When you reach the line with "5、现有物品包括便当(口粮)" in the records below, begin transcribing exactly and continue up to and including the line with "A polished wardrobe", leaving out every picture.

(LISTED ENTRIES)

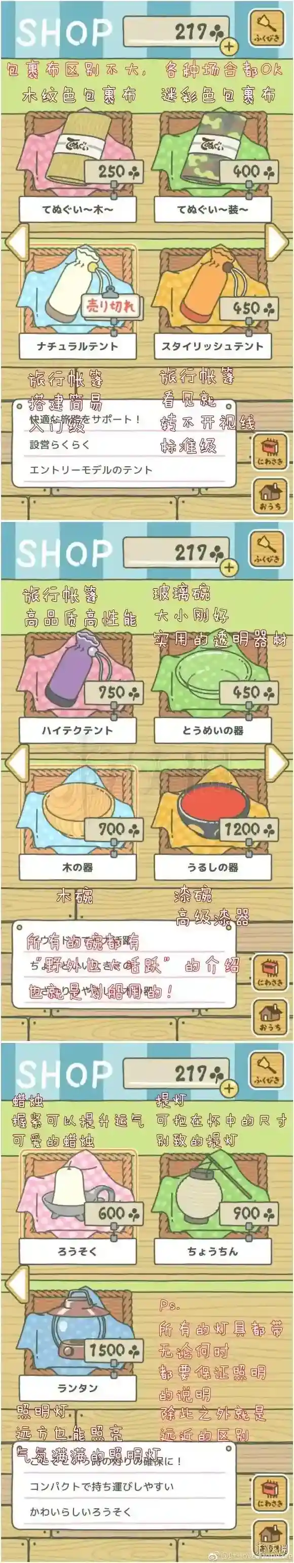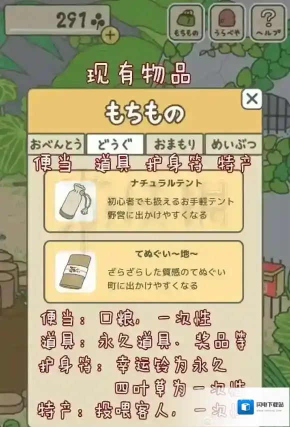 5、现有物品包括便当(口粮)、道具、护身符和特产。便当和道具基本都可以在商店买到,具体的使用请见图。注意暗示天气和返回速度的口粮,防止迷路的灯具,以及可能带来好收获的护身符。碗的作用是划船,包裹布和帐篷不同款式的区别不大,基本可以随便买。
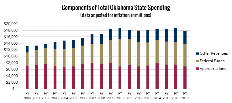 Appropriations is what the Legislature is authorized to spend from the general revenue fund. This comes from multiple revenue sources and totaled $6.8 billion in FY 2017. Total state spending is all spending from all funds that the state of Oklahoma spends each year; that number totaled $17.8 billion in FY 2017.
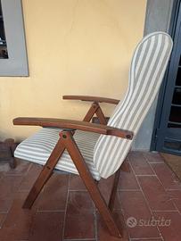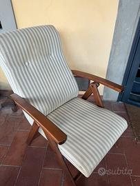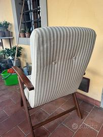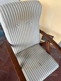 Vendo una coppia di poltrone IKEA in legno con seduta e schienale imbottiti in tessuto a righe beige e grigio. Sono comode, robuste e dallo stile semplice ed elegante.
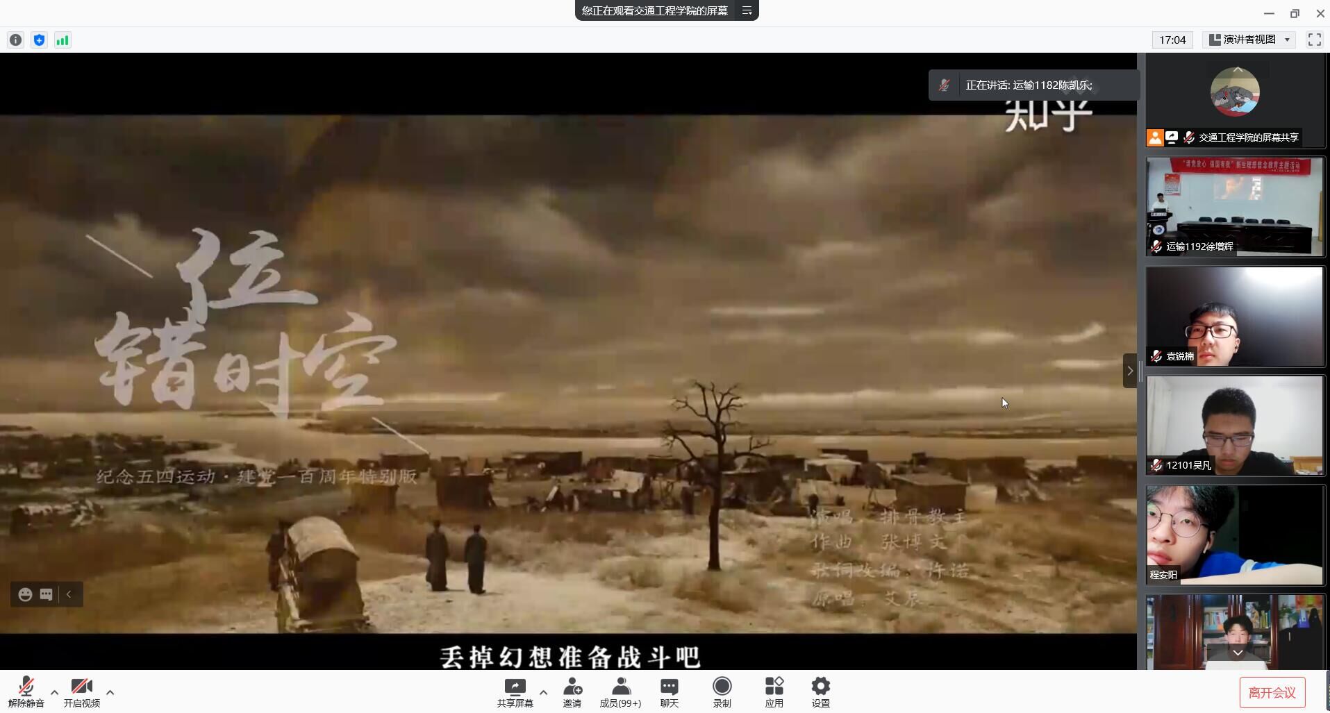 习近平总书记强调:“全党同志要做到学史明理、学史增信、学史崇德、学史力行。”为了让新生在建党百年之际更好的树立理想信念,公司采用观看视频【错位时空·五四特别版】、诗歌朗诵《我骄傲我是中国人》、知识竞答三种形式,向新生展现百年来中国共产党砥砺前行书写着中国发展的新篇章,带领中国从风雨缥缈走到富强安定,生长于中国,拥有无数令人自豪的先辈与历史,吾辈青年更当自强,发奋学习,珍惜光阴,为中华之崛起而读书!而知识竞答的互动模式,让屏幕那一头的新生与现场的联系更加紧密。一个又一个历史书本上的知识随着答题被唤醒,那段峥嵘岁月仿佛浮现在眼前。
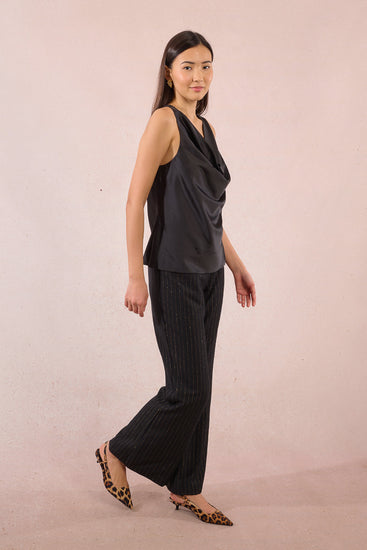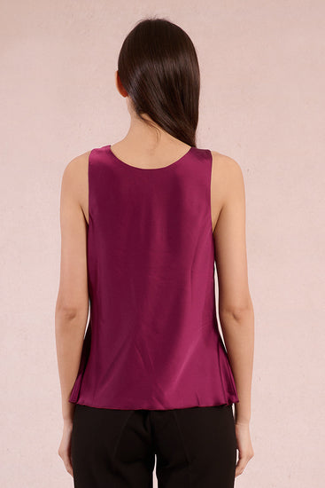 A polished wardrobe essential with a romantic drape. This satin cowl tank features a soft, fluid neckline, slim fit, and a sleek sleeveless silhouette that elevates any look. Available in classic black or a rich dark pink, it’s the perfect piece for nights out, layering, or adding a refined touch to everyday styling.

(End LISTED ENTRIES)
(LISTED ENTRIES)

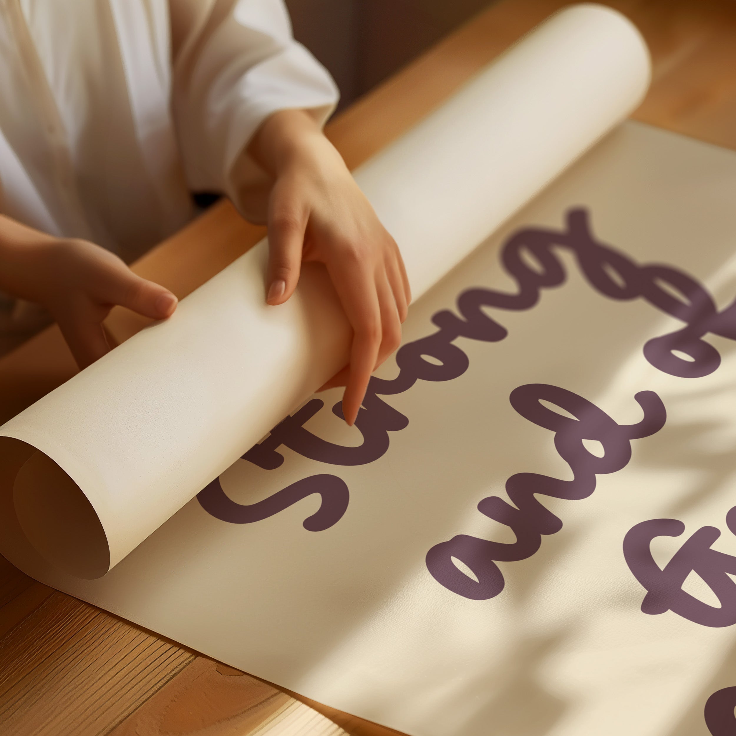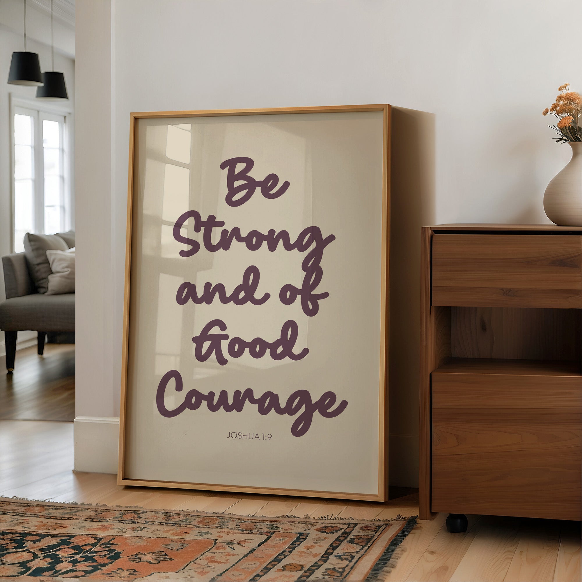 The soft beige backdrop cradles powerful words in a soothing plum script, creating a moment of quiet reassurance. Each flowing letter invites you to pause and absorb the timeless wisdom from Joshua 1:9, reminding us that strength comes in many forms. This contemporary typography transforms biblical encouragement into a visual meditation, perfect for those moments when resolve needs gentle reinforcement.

(End LISTED ENTRIES)
(LISTED ENTRIES)

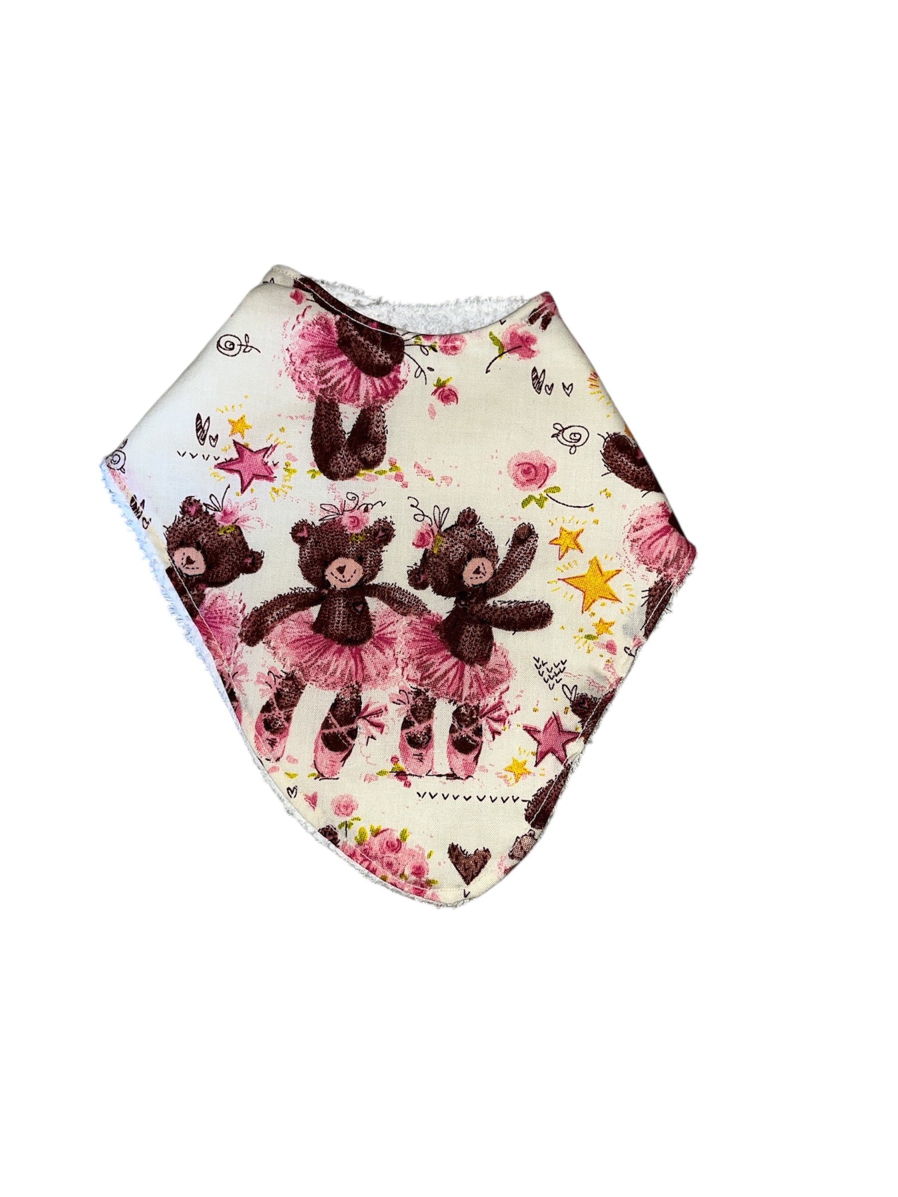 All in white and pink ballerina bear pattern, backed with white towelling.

(End LISTED ENTRIES)

[TASK RESPONSE]
 5、现有物品包括便当(口粮)、道具、护身符和特产。便当和道具基本都可以在商店买到,具体的使用请见图。注意暗示天气和返回速度的口粮,防止迷路的灯具,以及可能带来好收获的护身符。碗的作用是划船,包裹布和帐篷不同款式的区别不大,基本可以随便买。
 Appropriations is what the Legislature is authorized to spend from the general revenue fund. This comes from multiple revenue sources and totaled $6.8 billion in FY 2017. Total state spending is all spending from all funds that the state of Oklahoma spends each year; that number totaled $17.8 billion in FY 2017.
 Vendo una coppia di poltrone IKEA in legno con seduta e schienale imbottiti in tessuto a righe beige e grigio. Sono comode, robuste e dallo stile semplice ed elegante.
 习近平总书记强调:“全党同志要做到学史明理、学史增信、学史崇德、学史力行。”为了让新生在建党百年之际更好的树立理想信念,公司采用观看视频【错位时空·五四特别版】、诗歌朗诵《我骄傲我是中国人》、知识竞答三种形式,向新生展现百年来中国共产党砥砺前行书写着中国发展的新篇章,带领中国从风雨缥缈走到富强安定,生长于中国,拥有无数令人自豪的先辈与历史,吾辈青年更当自强,发奋学习,珍惜光阴,为中华之崛起而读书!而知识竞答的互动模式,让屏幕那一头的新生与现场的联系更加紧密。一个又一个历史书本上的知识随着答题被唤醒,那段峥嵘岁月仿佛浮现在眼前。
 A polished wardrobe essential with a romantic drape. This satin cowl tank features a soft, fluid neckline, slim fit, and a sleek sleeveless silhouette that elevates any look. Available in classic black or a rich dark pink, it’s the perfect piece for nights out, layering, or adding a refined touch to everyday styling.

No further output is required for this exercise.